Infrastructure was also shared between FTX, FTX US, and Alameda preventing these entities from being appropriately segregated. The companies also lacked alerts to flag when any of its wallets or their root AWS credentials were used.
FTX’s software deployment process also neglected to implement protections to ensure the software being deployed was safe to use, failing to check third-party software and using only minimal code review and testing procedures.
The exchange’s accounting system is also described as inadequate for the scale of its operations. It relied on Quickbooks, Google Documents, Slack, and basic spreadsheets to track its financial situation, with 56 entities not producing financial statements of any kind. Other reports were not produced regularly or on a timely basis and review of the documents didn’t occur. Key documents including documenting related party loans weren’t accurate or present.
The report further describes how thousands of ‘deposit checks’ weren’t deposited regularly and would accumulate like ‘junk mail.’

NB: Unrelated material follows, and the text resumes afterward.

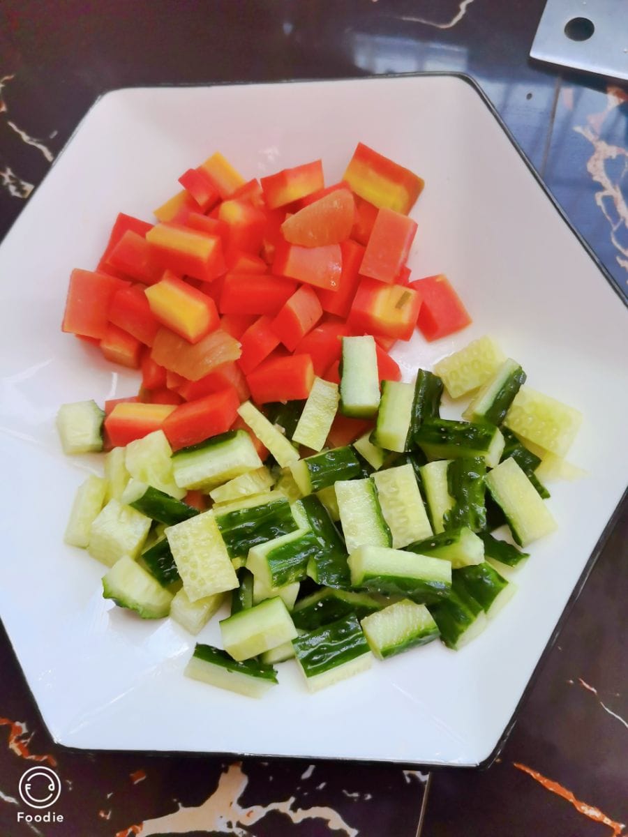 - Frühlingszwiebeln, Ingwer, Knoblauch und getrocknete Chilischoten hinzufügen, unter Rühren anbraten, bis es duftet, dann Gurke und gewürfelte Karotten dazugeben.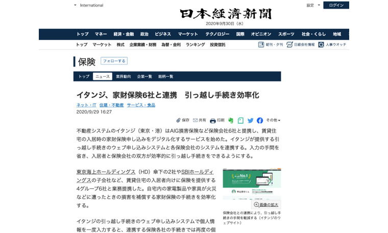日本経済新聞|イタンジ、家財保険6社と連携 引っ越し手続き効率化

According to the report, Alameda was often unaware of its own positions and it wasn’t possible to determine how many of the positions were marked. One ‘portfolio summary’ reportedly contained the instruction for Alameda employees to “come up with some numbers? idk.” SBF described Alameda as “hilariously beyond any threshold of any auditor being able to even partially get through an audit.”
He added that “we are only able to ballpark what its balances are” and “sometimes find $50 million of assets lying around that we lost track of; such is life.”
Alameda was given an unlimited ability to trade
The report talks about how the FTX group had over 1,000 accounts on crypto exchanges around the world, but kept no centralized record of where they were or how many assets they held. Interestingly, many of the accounts were created with email addresses, names, and shell companies that appeared to have no connection to FTX.
Many of the accounting difficulties were compounded by the fact that assets and liabilities seemed to move fluidly across the enterprise with no respect for formal corporate boundaries or ensuring there was adequate documentation.
The report also re-iterates the many special privileges that Alameda was given for trading on FTX. These included having an effectively unlimited ability to trade and withdraw assets, including customer assets, from FTX. It was also exempted from auto-liquidation. Other market makers were sometimes granted credit lines of up to $150 million if their balance went below zero, but none were allowed to withdraw in that state and Alameda alone had a credit line of $65 billion.
Read more: Panic and resignations reign over FTX’s final days
The report also re-tells the story of Brett Harrison’s resignation from FTX US, highlighting how after raising concerns about structure and controls at FTX US, his bonus was reduced and he was told to apologize.
The report asserts that the debtors in possession have so far been able to identify over $1 billion worth of crypto assets which were largely undocumented in the records. The process of identifying these included developing software to identify keys that were stored in the computing environment. Millions of documented keys were eventually identified.
FTX also apparently failed to establish appropriate controls and procedures while enabling Alameda to effectively gut the exchange.
SBF has been indicted on 12 counts so far, and has plead not guilty.